【发布时间】:2016-05-10 12:20:06
【问题描述】:
我有大表屑(大约 100M+ 行,100GB)。它只是存储为文本的 json 集合。它在具有大约 10K 唯一值的列 run_id 上具有索引。所以每次运行都很小(1K - 1M 行)。
简单查询:
explain analyze verbose select * from crumbs c
where c.run_id='2016-04-26T19_02_01_015Z' limit 10
计划不错:
Limit (cost=0.56..36.89 rows=10 width=2262) (actual time=1.978..2.016 rows=10 loops=1)

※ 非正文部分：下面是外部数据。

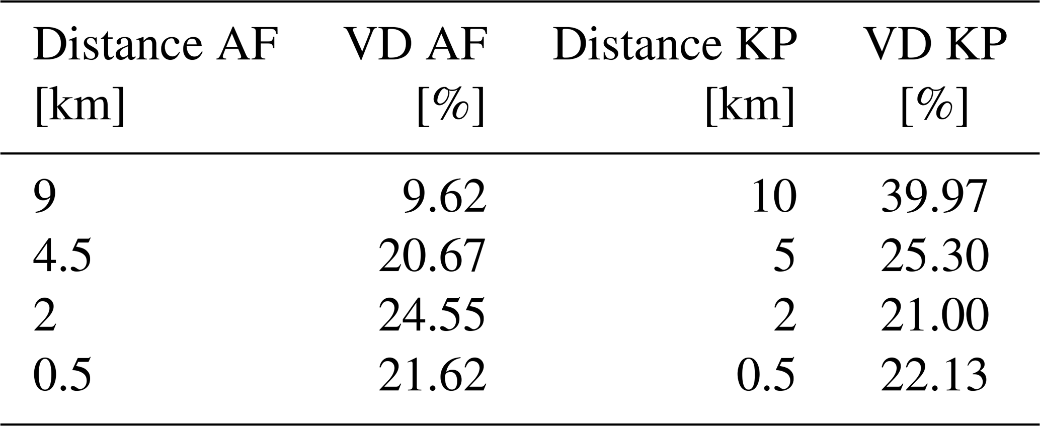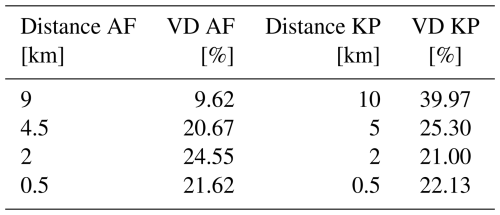 Table 3Overview of the velocity deficit (VD) values and the corresponding distances from the Armadillo Flats (AF, homogeneous terrain) and King Plains (KP, semi-complex terrain) wind farms.

Output: id, robot_id, run_id, content, created_at, updated_at, table_id, fork_id, log, err
-> Index Scan using index_crumbs_on_run_id on public.crumbs c (cost=0.56..5533685.73 rows=1523397 width=2262) (actual time=1.975..1.996 rows=10 loops=1)
Output: id, robot_id, run_id, content, created_at, updated_at, table_id, fork_id, log, err
Index Cond: ((c.run_id)::text = '2016-04-26T19_02_01_015Z'::text)
Planning time: 0.117 ms
Execution time: 2.048 ms
但是,如果我尝试查看存储在其中一列中的 json,它会想要进行全扫描:
explain verbose select x from crumbs c,
lateral json_array_elements(c.content::json) x
where c.run_id='2016-04-26T19_02_01_015Z'
limit 10
计划:
Limit (cost=0.01..0.69 rows=10 width=32)
Output: x.value
-> Nested Loop (cost=0.01..10332878.67 rows=152343800 width=32)
Output: x.value
-> Seq Scan on public.crumbs c (cost=0.00..7286002.66 rows=1523438 width=895)

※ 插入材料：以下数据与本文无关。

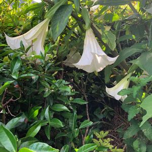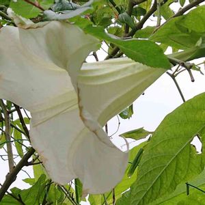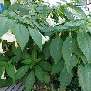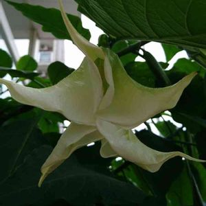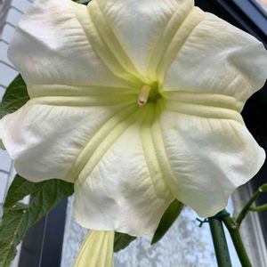 庭のかなり大きい白い花‼️実物のラッパくらいある大きさ‼️これも名前がわかりません‼️花も大きいですが、葉っぱも大きい。

Output: c.id, c.robot_id, c.run_id, c.content, c.created_at, c.updated_at, c.table_id, c.fork_id, c.log, c.err
Filter: ((c.run_id)::text = '2016-04-26T19_02_01_015Z'::text)

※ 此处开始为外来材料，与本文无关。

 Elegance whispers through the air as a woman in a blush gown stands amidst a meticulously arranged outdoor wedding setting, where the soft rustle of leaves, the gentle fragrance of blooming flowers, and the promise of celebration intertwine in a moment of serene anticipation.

-> Function Scan on pg_catalog.json_array_elements x (cost=0.01..1.01 rows=100 width=32)
Output: x.value
Function Call: json_array_elements((c.content)::json)
试过了:
analyze crumbs
但没什么区别。
更新 1 禁用对整个数据库的顺序扫描是可行的,但这不是我们的应用程序中的选项。在许多其他地方 seq 扫描应该保留:
set enable_seqscan=false;
计划:
Limit (cost=0.57..1.14 rows=10 width=32) (actual time=0.120..0.294 rows=10 loops=1)
Output: x.value
-> Nested Loop (cost=0.57..8580698.45 rows=152343400 width=32) (actual time=0.118..0.273 rows=10 loops=1)
Output: x.value
-> Index Scan using index_crumbs_on_run_id on public.crumbs c (cost=0.56..5533830.45 rows=1523434 width=895) (actual time=0.087..0.107 rows=10 loops=1)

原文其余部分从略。